In my defense, I was a new mom – cranky, clueless, and desperate to meet other people apart from the house-help and the neighboring store guy who was kind enough to deliver everyday staples to my door-step.

 As a rule, you do not blame a new mom for any damage in any form caused to anything living or dead. Because, as a new mom you are sleep-deprived and ready to jump on the next sighting of chocolate mousse (yes, yes, I said jump –it’s really that bad sometimes). And remember, a woman who is sleep-deprived and chocolate-deprived for more than a week can also be self-destructing.

It was June of 2012 – the year I was getting off my maternity break.

I remember applying for jobs that were even remotely connected to my job profile – writing.

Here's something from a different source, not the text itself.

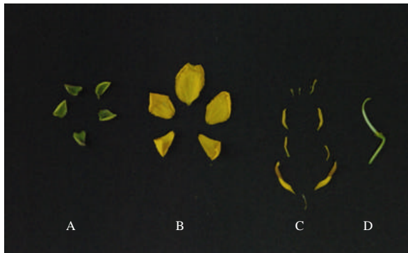
Fig. 6: A photograph showing the floral whorls of S. sophera A, sepals; B, petals; C, stamens; D, carpel
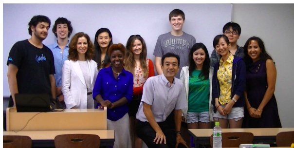
Noguchi sensei with students

Traditional communicative approach tries to train only two abilities, “understand and can do” in just two areas, “language and culture,” i.e., “□” marked parts. However, as you can see, the key concepts of “Comprehensive Communication Ability” are quite wide. As well as the “□” marked parts, whole “□” parts are covered. It is really hard to cover the above all only if we just use an existing textbook. We need to think up some project work type learning activities. The following is a project work conducted in my classes in summer session this year: July 26 th to August 15 th in 2012.

I also remember waiting for days on end for a response from at least one of the 30-odd companies. But one day, I decided to go after it.

The phone call

10 am. After yet another sleepless night, I scramble to the laptop with a bowl of cereal and juice, to check one last time if I received any emails from any of them.

Nope.

I want to bury my face in the cereal, and lap it up like a cat, but I decide not to and get straight down to business.

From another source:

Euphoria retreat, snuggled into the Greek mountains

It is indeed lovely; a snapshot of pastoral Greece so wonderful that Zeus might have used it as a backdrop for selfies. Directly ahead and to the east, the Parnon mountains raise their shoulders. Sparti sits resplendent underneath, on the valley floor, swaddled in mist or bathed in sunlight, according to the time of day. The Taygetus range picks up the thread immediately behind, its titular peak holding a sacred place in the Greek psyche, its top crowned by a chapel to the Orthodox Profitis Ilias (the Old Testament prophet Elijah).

I call my prospective employer’s office to follow up on an email.

"Hello, my name is Ujwala. May I speak with Mr. Whitney Houston please?”

"I beg your pardon," said the man on the other side in a British accent.

"You want to speak with whom, again?"

"Mr. Whitney Houston," I said, again.

"Well, Miss, she's no more," said the man, in a slightly grim voice.

"What!" I exclaimed.

‘Am I talking to the right person?’

‘He already thinks I’m stupid.’

"She. Is. No. More," he confirmed, starting to sound amused.

 

Clueless, I ramble on.

"But..Sir...Whitney Houston is not a she, he's a he," I gasped.

"Sorry, Miss, the Whitney Houston I know is a she," he said, now sounding amused and annoyed.

I can sense that he’s just seconds away from hanging up on me.

Still clueless, I continue in my exasperated state trying to get in touch with the one person I’ve been waiting to talk to for a week now!

"Sir, Mr. Whitney Houston is in charge of an online magazine for the organization, and we have already exchanged emails,” I said in my defense.

"Well, for me Whitney Houston died a couple of years ago."

Oh. My. Dear. Lord. My heart is pounding.

 Am I really this stupid?

 And then, reality dawned!

Whitney Houston, the singer! Of course! She’s a ‘she’!

So, basically, I had just called my potential employer and asked to speak with a dead singer!

 

 

Say something, Ujwala. Say, anything.

Moments of silence pass by. I buy time. I clear my throat. 

It just has to be some words. Say some words; clever words.

No. I want to hang up, and run and hide in my closet.

This feels like the longest that anyone has ever spoken. EVER.

‘Say something, Ujwala, or he may throw you in prison.’

So, I clear my throat again and muster up the courage to say:

"Oh! I'm awfully sorry sir, there seems to have been a mistake.”

 Duh! Of course, Ujwala!

“You think?" said the man, who was probably breaking into a smile (I'm pretty sure he was.)

"May I speak with Mr. Whitney Robinson, please!

This time I know I got the name right.

"No," said the man.

What!

 "Sir, I apologise for the mix up earlier, but it is very important that I speak with Mr. Robinson."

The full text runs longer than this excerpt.